James Patrick Riley — Becoming a Scriptwriter


James Patrick Riley as Silas Rhodes in "Courage, New Hampshire"



The blast of a shotgun that fired too close to his ear did its damage and, for a time, writer/creator/producer James Patrick Riley could barely hear.

Nearing the end of the first episode of the mini series “Courage, New Hampshire,” a critical scene was still being filmed. But the hearing loss incurred from that blast left Riley unable to adequately hear the final words between the series lovers.

“I had to ask Drew Ganyer (Director of Photography) if it went well and he assured me it did.”

But it wasn’t until he could actually hear actors Nathan Kershaw and Alexandra Oliver on a recording that the emotion-filled dialogue, spoken to near perfection, took Riley’s breath away.

“It’s so gratifying when actors bring your words to life.”

While many writers may imagine that kind of response to characters in their novels, few authors ever get to see their words come to life in video form as Riley has. And this Memorial Day weekend, Riley gets to see his mini-series shown for the first time on INSP network as the four-hour program premieres May 27 at 7 p.m. Eastern time.

Riley didn’t always think he’d be writing scripts for a series. When he was a student at Stanford University in the writing program, he imagined himself developing into a literary fiction writer.

One of his favorite authors was American novelist and short-story writer, Flannery O’Connor. “She was the master of  ‘the surprising ending.’ Her stories were always about redemption or divine judgment.”

The longer Riley was submerged in academia, however, the less satisfied he was with the fellowship and grant route to publishing. In 1983, he left the writer’s workshop at the University of Iowa and headed back to the family farm in southern California.

This rural business was far more than a farm to grow crops, however, although apple orchards were a part of the acreage. His family had begun doing Civil War re-enactments on the land near Oak Glen, as well as scheduling tours for schoolchildren to offer educational programs. The first year they offered five tours for kids. By the following year, 50-70,000 children participated in the program.
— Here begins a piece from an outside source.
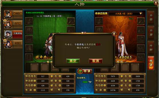 2)无损传承,两者属性取最高者。具体有:等级、星级、宝石雕饰、装备、心法、刷新技能。

“People have an affection for history,” said Riley. “It allows them to escape into a totally different ambiance.”

While his brother, Scott, enjoyed the history of the Civil War, Riley himself was always fascinated by the history of the American Revolution. His search into family genealogy had unearthed family connections going back to colonial Rhode Island and Massachusetts. So when he and his wife Mary planned their house, they designed it like a colonial home from New England. Soon some of the farm tours focused on Early America. This re-creation of 1700’s living in America served to inspire his writer’s heart to follow a new course, as he created scripts for the living history business.

Riley began studying television and movies, even taking classes and workshops on script writing. He watched movies over and over, paying close attention to how the writers accomplished transitions from one scene to the next. But it was really hands-on practice that taught him the ropes of writing scripts. “It really is just doing it.”

Ernest Hemingway’s novels inspired Riley with their abundance of dialogue and action, the key elements for script writing.

Somewhere on this journey, the seeds for the script of “Courage, New Hampshire” were planted. It took two failed attempts before his third try birthed the first episode, “The Travail of Sarah Pine.”

Working on a shoe string budget with new grads fresh out of film school, but also finding willing participants with seasoned Hollywood talent, Riley did the seemingly impossible: He created four hours of a period drama that rivals many programs produced for millions of dollars.

Not bad for a writer with a passion for history and Christianity, as well as a desire to produce “masterful storytelling.”

“You gotta dream big.”

Sometimes, dreams do come true.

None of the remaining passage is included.